Klinges American Software, Inc. 470 East Paces Ferry Road,
N.E. Atlanta, Georgia 30305 |
BACKGROUND
On August 29, 2000, the Issuer filed with the Commission Registration Statement No. 333-44744 on Form S-8 in order to register 5,833,583 Class A Common Shares
for issuance pursuant to the Issuers Incentive Stock Option Plan, 1991 Employee Stock Option Plan, Directors and Officers Stock Option Plan and 2001 Stock Option Plan. Under those plans, 110,463 shares were issued under that Registration
Statement pursuant to exercise of options during the period August 29, 2000 through August 21, 2002, leaving 5,723,120 registered shares unissued.

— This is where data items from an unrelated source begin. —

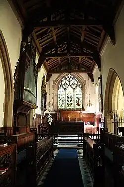 The tower of the church is mainly 15th century, but the nave arcades were built when the Norman style was passing. The old font has a Jacobean cover, there is a fine old chest, and the modern woodwork is richly carved.[3]
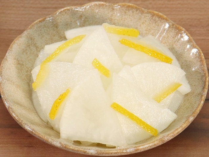 きめ細やかな肉質、歯切れの良い旬の国産大根を使用。ゆずの爽やかな風味が大根のおいしさを引き立てます。
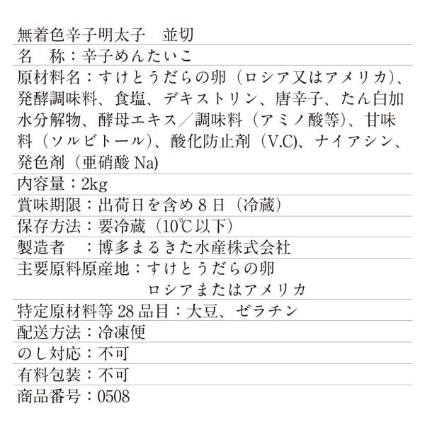 明太子 無着色辛子明太子 並切 2kg 業務用 訳あり 辛子明太子 博多明太子 九州 福岡 博多 グルメ おつまみ プレゼント 手土産 送料無料

A new Registration Statement on Form S-8, Registration No. 333-98513, was filed on August 22, 2002, registering 5,787,591 Class A Common Shares under the Issuers 1991 Employee Stock Option Plan, Directors and Officers Stock
Option Plan and 2001 Stock Option Plan (the Plans). The new Registration Statement was and is intended to replace Registration Statement No. 333-44744. The new Registration Statement applies to all shares issued pursuant to options
exercised under the Plans on or after August 23, 2002.
DEREGISTRATION
Based upon the foregoing, and pursuant to the undertaking in Registration Statement No. 333-44744, the Issuer hereby deregisters the 5,723,120 Class A
Common Shares heretofore registered and not sold pursuant to Registration Statement No. 333-44744.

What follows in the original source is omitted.